U-net snippet

We recommend using the U-net snippet for image segmentation and reconstruction.

The U-net was introduced as a model for segmentation of biomedical images. It uses a convolutional autoencoder structure combined with skip connections to combine low-level and high-level information.

Raw image and U-net generated segmentation mask (illustration from original paper)
Figure 1. Raw image and U-net generated segmentation mask (illustration from original paper)

U-net architecture

The U-Net has a horseshoe shape with a downsampling and an upsampling path. Skip connections feed information from the downsampling path to the upsampling path.

The purpose of the downsampling path is to capture the context of the input image in order to be able to do segmentation. This coarse contextual information is transferred to the upsampling path by means of skip connections.

The purpose of the upsampling path is to enable precise localization combined with contextual information from the downsampling path.

U-net architecture. Each grey box corresponds to the resulting activation map from a 2D Convolution. Each red box corresponds to the resulting activation map from a 2D Max pooling block. White boxes represent activation maps forwarded from the downsampling path that is concatenated with the corresponding activation map (blue) in the upsampling path.
Figure 2. U-net architecture. Each grey box corresponds to the resulting activation map from a 2D Convolution. Each red box corresponds to the resulting activation map from a 2D Max pooling block. White boxes represent activation maps forwarded from the downsampling path that is concatenated with the corresponding activation map (blue) in the upsampling path.

The downsampling path follows the typical architecture of a convolutional network. It consists of the repeated application of:

  • Two 2D Convolution blocks with ReLU activation

  • A 2D Max pooling with stride 2 for downsampling. At each downsampling step, we double the number of filters.

Every step in the upsampling path consists of:

  • A 2D upsampling of the activation map

  • A 2D Convolution block that halves the number of filters

  • A Concatenate block that concatenates with the corresponding activation map from the downsampling path

  • Two 2D Convolutions with ReLU activation. The cropping is necessary due to the loss of border pixels in every convolution.

At the final block, a 1x1 convolution is used to map each feature vector to the desired number of classes.

How to use the U-net snippet

To add a U-net snippet open the Snippet section in the Inspector and click U-net.

The size of the images in the dataset should be 256x256 pixels and larger.

Group of blocks

The blocks included in the U-net are grouped in functional blocks. You can expand each group to inspect what the are included. This makes the presentation of architectures much more understandable and easier to modify and manipulate.

You can still change the parameters of each individual block.
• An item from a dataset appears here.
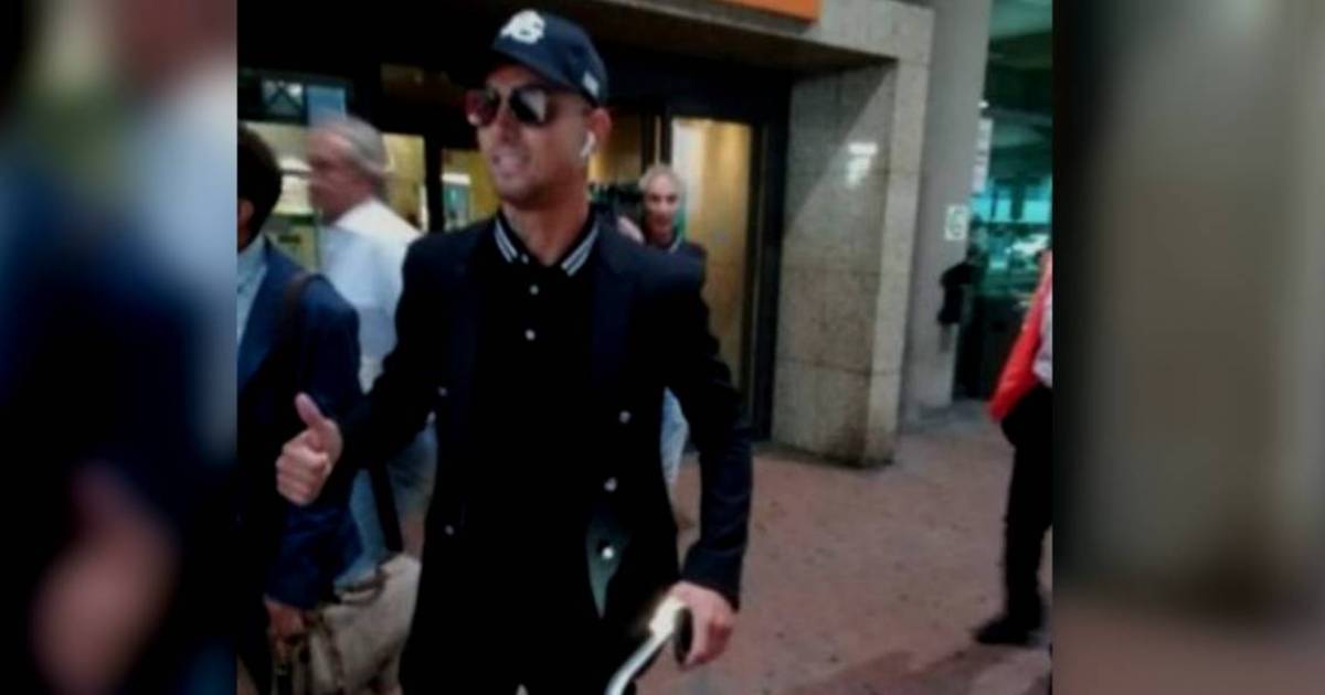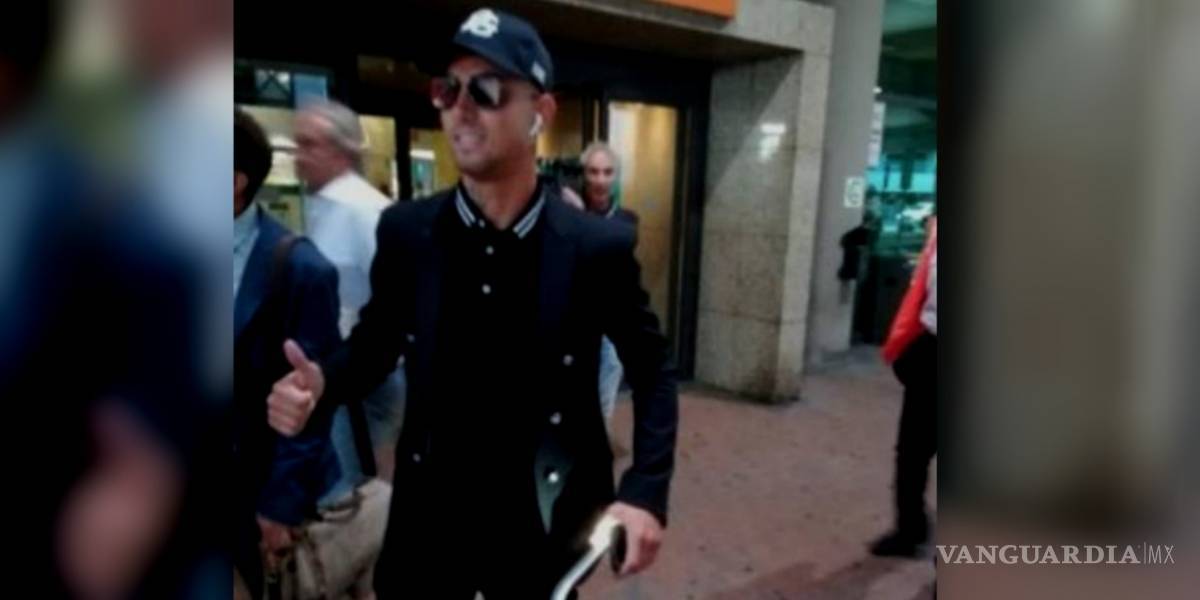 El falso Cristiano salió de los pasillos del Aeropuerto con gorra y lentes por lo que la gente enloqueció.

Name of the group of blocks

  1. Residual Branch - Identity

  2. Residual Group - Identity

  3. Residual Group - Projection

U-net for image segmentation

Multi-class segmentation

If your target consists of more than 2 classes, set the activation in the last 2D Convolution block to Softmax and set the loss function in the Target block to Categorical crossentropy.
Example: Satellite image segmentation where each pixel is labeled with a class. In this image, pixels are labeled as built-up (red), farmland (green) or unknown (grey).

Multi-class segmentation on a satellite image

Binary class segmentation

If your target consists of 2 classes encoded as an image of 0:s and 1:s, set the activation in the last 2D Convolution block to Sigmoid and set the loss function in the Target block to Binary crossentropy.
Example: The target is a black (0) and white (1) image mask. In this image, HeLa cells on glass recorded with microscopy and the generated segmentation mask (image from original paper).

U-net generated binary segmentation mask

U-net for image reconstruction

If you use U-net for image reconstruction use a loss function tailored to how you normalize your targets.

Reference

Olaf Ronneberger, Philipp Fischer, Thomas Brox: U-Net: Convolutional Networks for Biomedical Image Segmentation, 2015.